====== AVAILABLE DATA ======
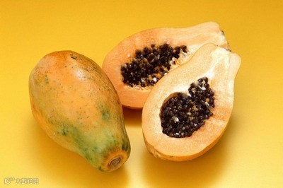 木瓜也分公母,肚子大的是母的,比较甜。一般挑鼓肚子的,表面斑点很多,颜色刚刚发黄摸起来不是很软的那种。如果表面上还有点胶质的东西,那没关系,是糖胶,这样的会比较甜.买木瓜如果要马上吃,就要挑黄皮的,但是不可以太软,这样的木瓜才甜而不烂。
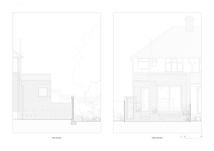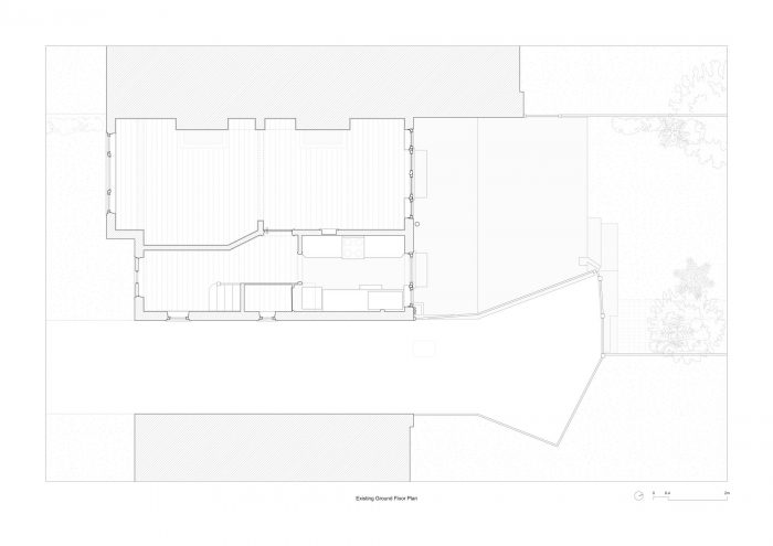 该方案。 该住宅的原始底层平面图采用了明确的分区策略,将较大的生活空间沿西侧的党墙布置;而次要的、辅助的和循环的空间则位于东侧。这种关系决定了前后立面的开口尺寸,入口门进入较窄的次要区域,而凸窗和宽大的天井门则为较大的生活空间服务。认识到这一既定模式,该方案在扩建部分的体量和门窗层次中统一了重新设计的底层平面,并提供了大量重新设计的花园景观设计。
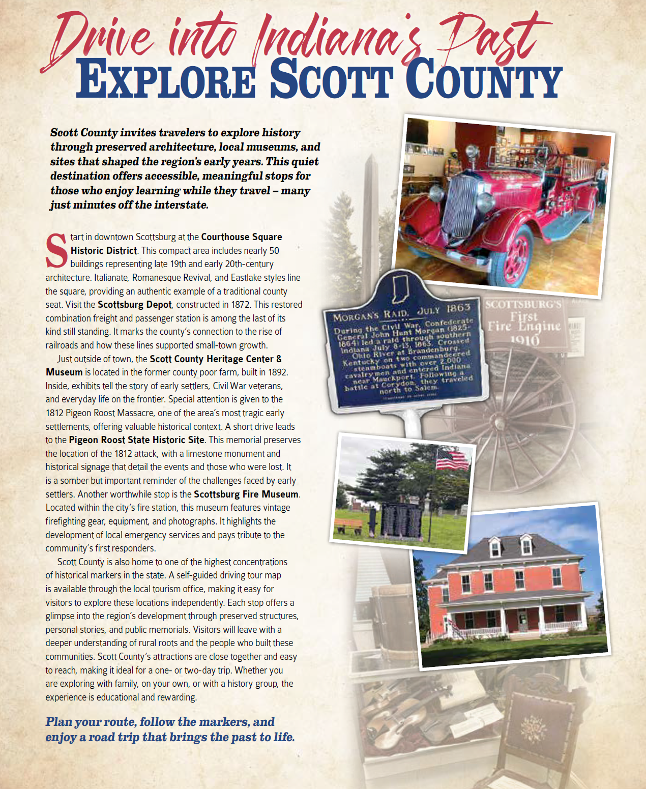 We can provide a local step-on guide that will help you travel the scenic backroads of Scott County while learning about the fascinating history of Scott County and the people who helped forge it. From early settlers and the impact of wars to entrepreneurs and the contributions the people of Scott County have made in the world around us.
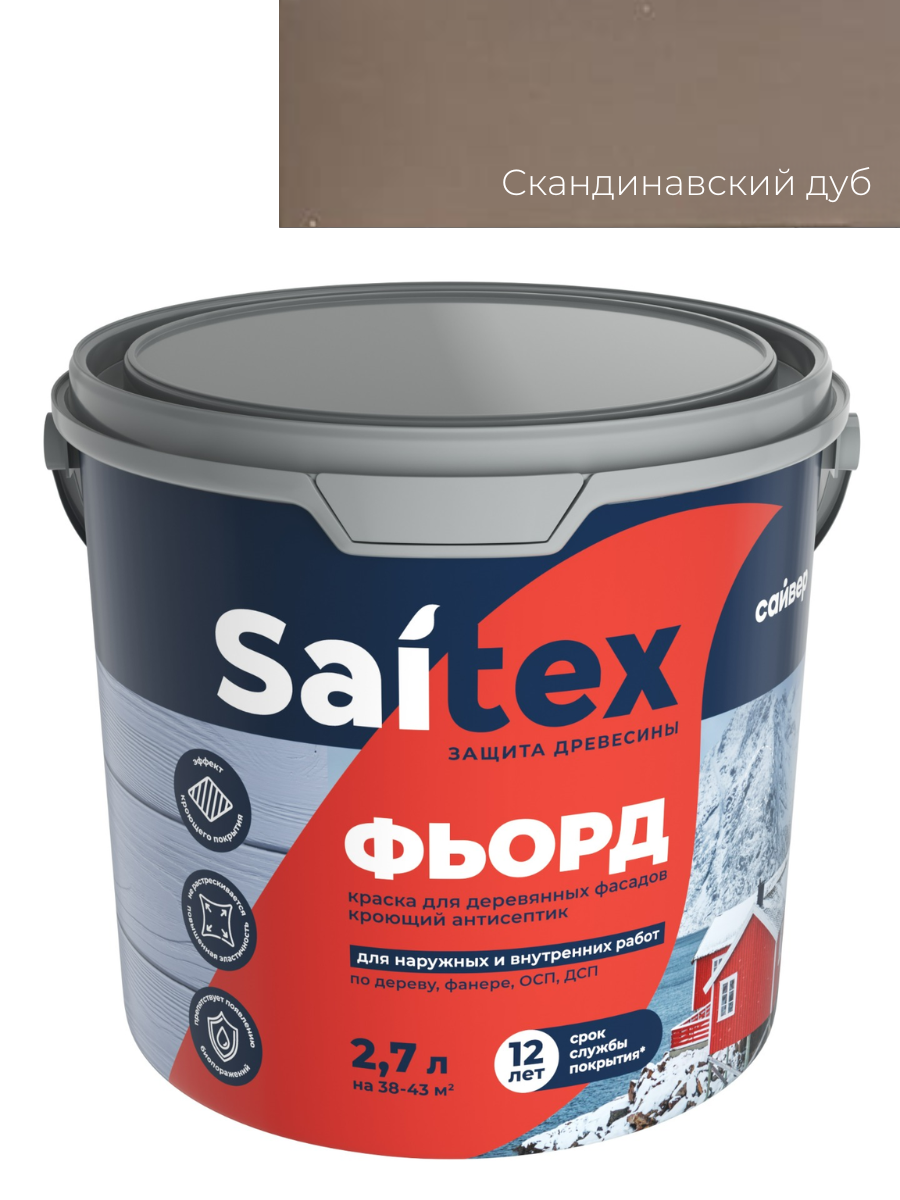 Краска для деревянных фасадов, кроющий антисептик ФЬОРД Скандинавский дуб 2,7л Сайтекс предназначен для долговременной защиты и декоративной окраски домов, беседок, заборов и других конструкций и изделий из дерева и OSB плит. Создает плотное кроющее покрытия, скрывающее рисунок, но сохраняющий видимую структуру древесины. Обеспечивает долговечное покрытие, выдерживает влажную уборку с применением моющих средств.
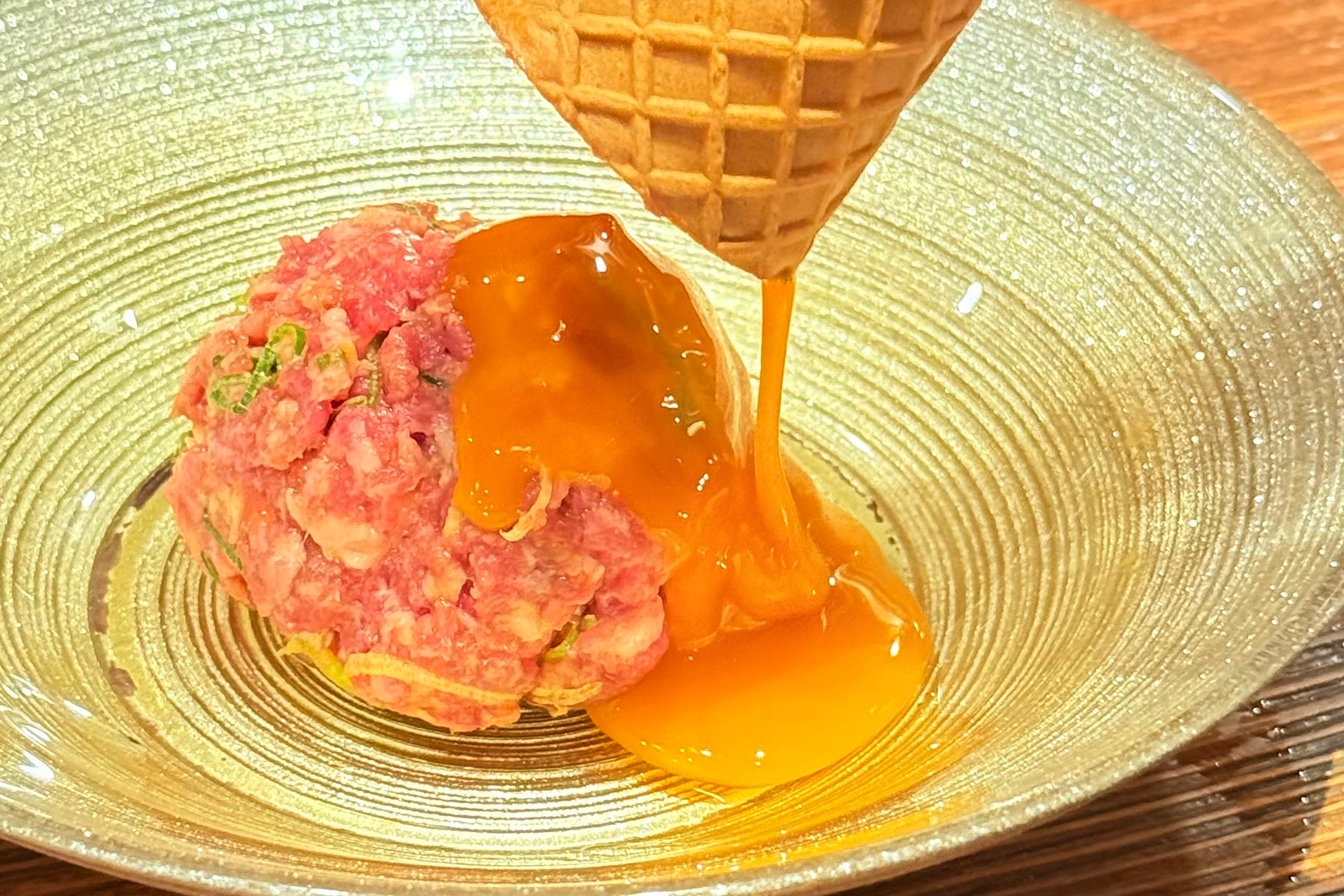 新商品「馬肉アイス」は、コーンに乗ったアイスクリームのような見た目ですが、乗っているのは馬肉のユッケ。馬肉専門店の当店でも人気の馬肉ユッケを、よりわくわく楽しんでいただけるユニークな一皿に仕上げました。
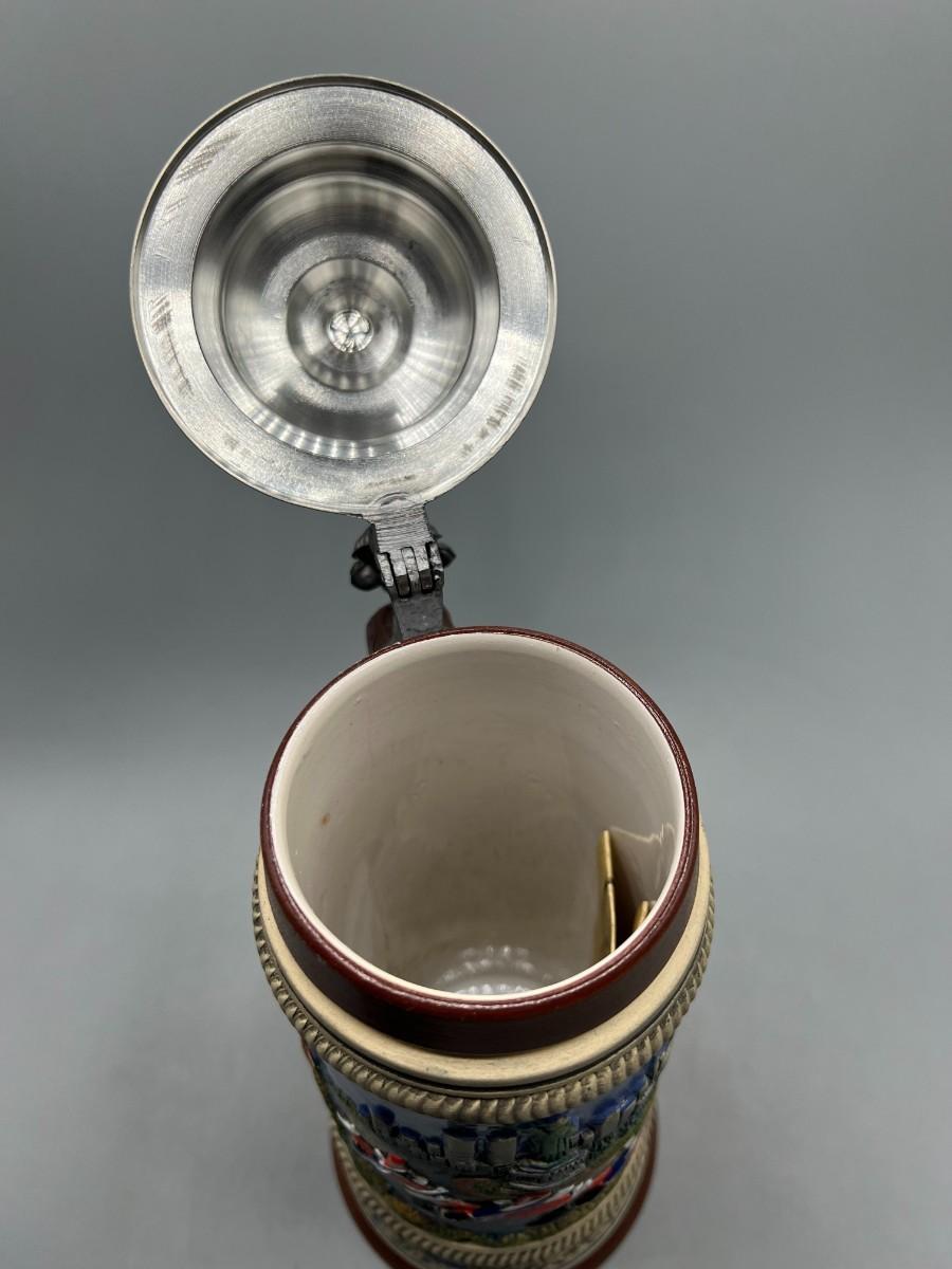 There is no damage to the beer stein and is in good collectible or displayable condition. Check pictures for more details.
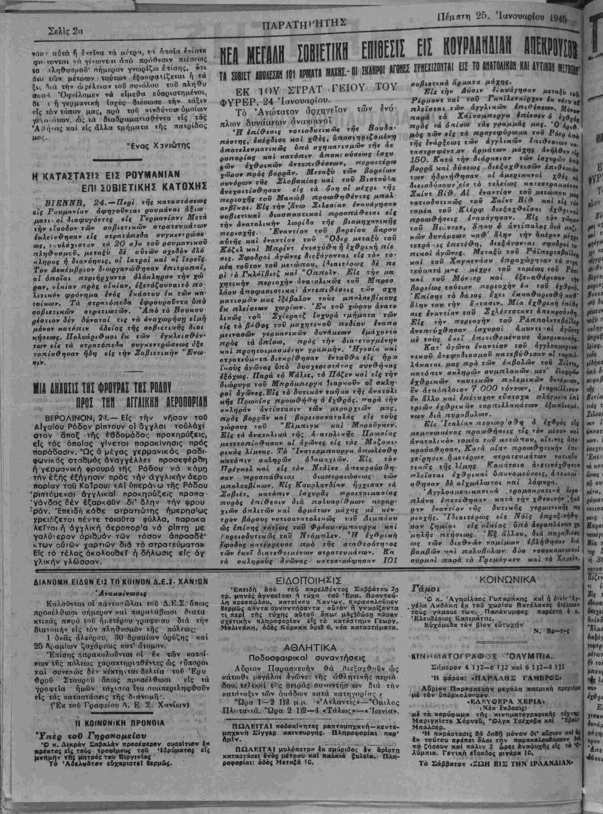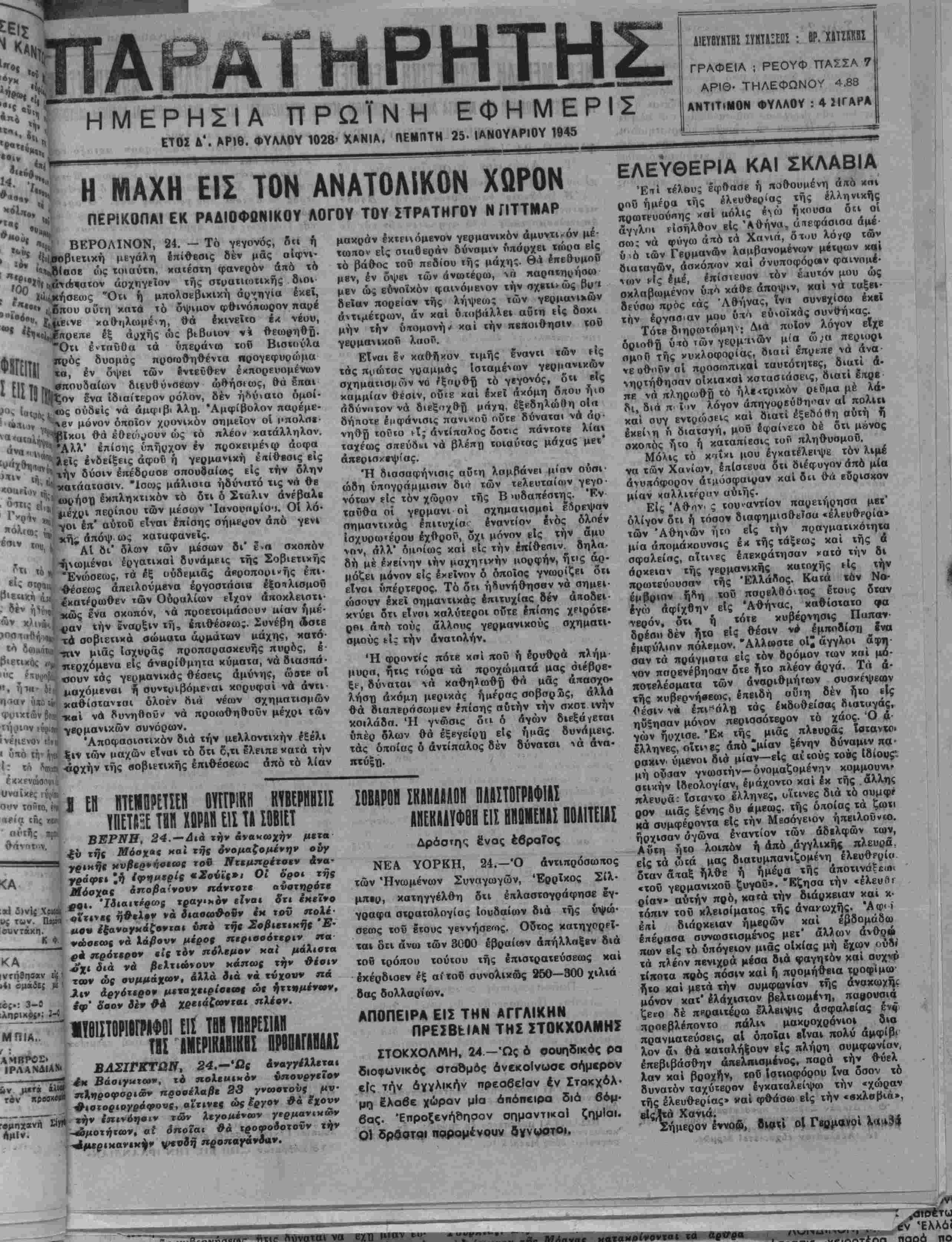 ΕΤΟΣ Δ*. ΑΡΙΘ. ΦΥΑΛΟΥ 1028· ΧΑΝΙΑ, ηΕΜΠΤΗ 25· ΙΑΝΟΥΑΡΙΟΥ 1945
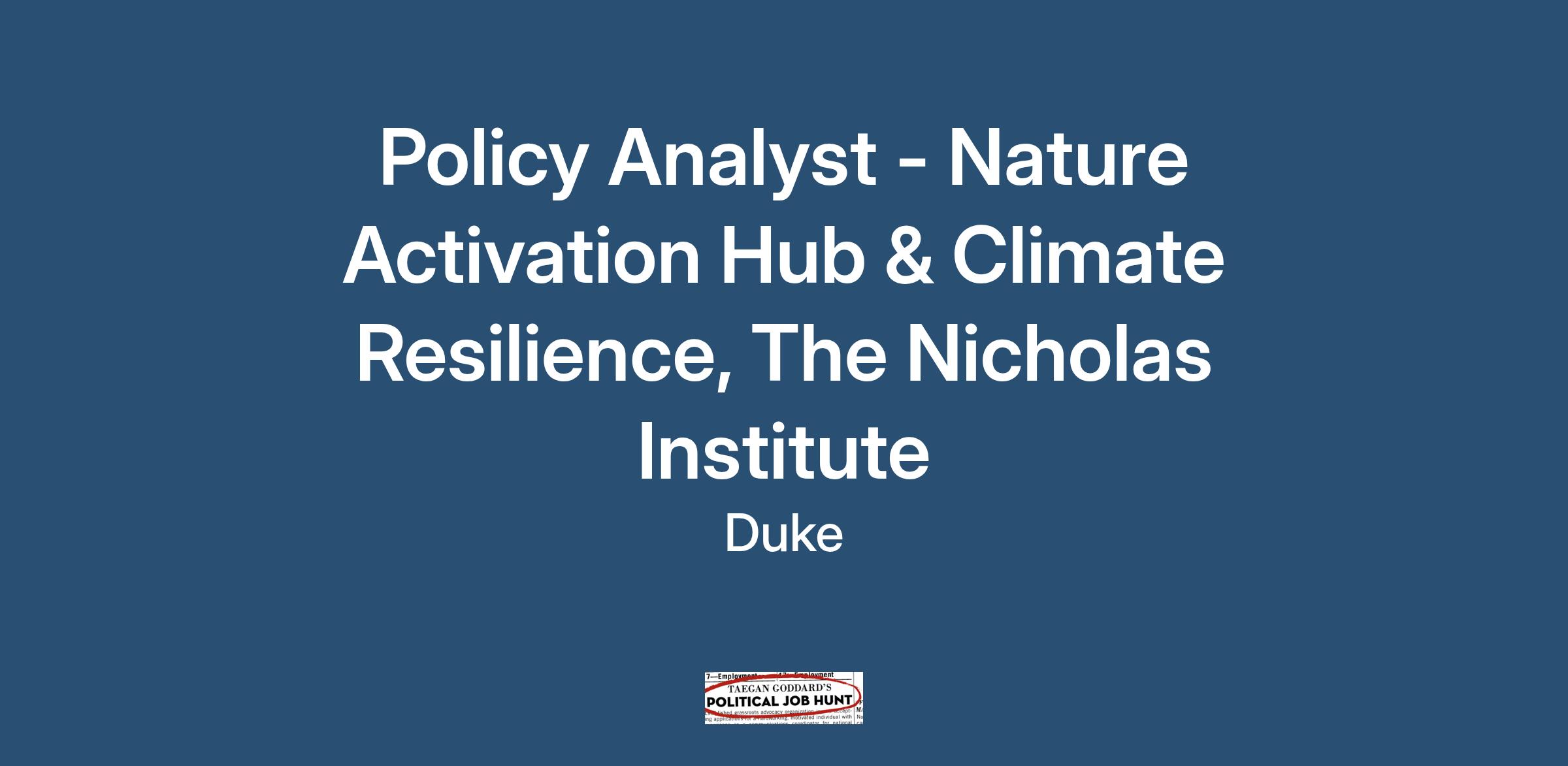 At Duke, we celebrate individuality and the unique perspectives that each member of our community brings. As the Policy Analyst – Nature Activation Hub & Climate Resilience, you’ll join a collaborative team at the Nicholas Institute for Energy, Environment & Sustainability. You’ll work alongside experts in policy, finance, law, engineering, and ecology to advance nature-based solutions and climate resilience initiatives that make a real impact.
======
Please retype exactly the lines from the one containing "该方案。 该住宅的原始底层平" to the last line of the records above, both included, without any pictures.

 该方案。 该住宅的原始底层平面图采用了明确的分区策略,将较大的生活空间沿西侧的党墙布置;而次要的、辅助的和循环的空间则位于东侧。这种关系决定了前后立面的开口尺寸,入口门进入较窄的次要区域,而凸窗和宽大的天井门则为较大的生活空间服务。认识到这一既定模式,该方案在扩建部分的体量和门窗层次中统一了重新设计的底层平面,并提供了大量重新设计的花园景观设计。
 We can provide a local step-on guide that will help you travel the scenic backroads of Scott County while learning about the fascinating history of Scott County and the people who helped forge it. From early settlers and the impact of wars to entrepreneurs and the contributions the people of Scott County have made in the world around us.
 Краска для деревянных фасадов, кроющий антисептик ФЬОРД Скандинавский дуб 2,7л Сайтекс предназначен для долговременной защиты и декоративной окраски домов, беседок, заборов и других конструкций и изделий из дерева и OSB плит. Создает плотное кроющее покрытия, скрывающее рисунок, но сохраняющий видимую структуру древесины. Обеспечивает долговечное покрытие, выдерживает влажную уборку с применением моющих средств.
 新商品「馬肉アイス」は、コーンに乗ったアイスクリームのような見た目ですが、乗っているのは馬肉のユッケ。馬肉専門店の当店でも人気の馬肉ユッケを、よりわくわく楽しんでいただけるユニークな一皿に仕上げました。
 There is no damage to the beer stein and is in good collectible or displayable condition. Check pictures for more details.
 ΕΤΟΣ Δ*. ΑΡΙΘ. ΦΥΑΛΟΥ 1028· ΧΑΝΙΑ, ηΕΜΠΤΗ 25· ΙΑΝΟΥΑΡΙΟΥ 1945
 At Duke, we celebrate individuality and the unique perspectives that each member of our community brings. As the Policy Analyst – Nature Activation Hub & Climate Resilience, you’ll join a collaborative team at the Nicholas Institute for Energy, Environment & Sustainability. You’ll work alongside experts in policy, finance, law, engineering, and ecology to advance nature-based solutions and climate resilience initiatives that make a real impact.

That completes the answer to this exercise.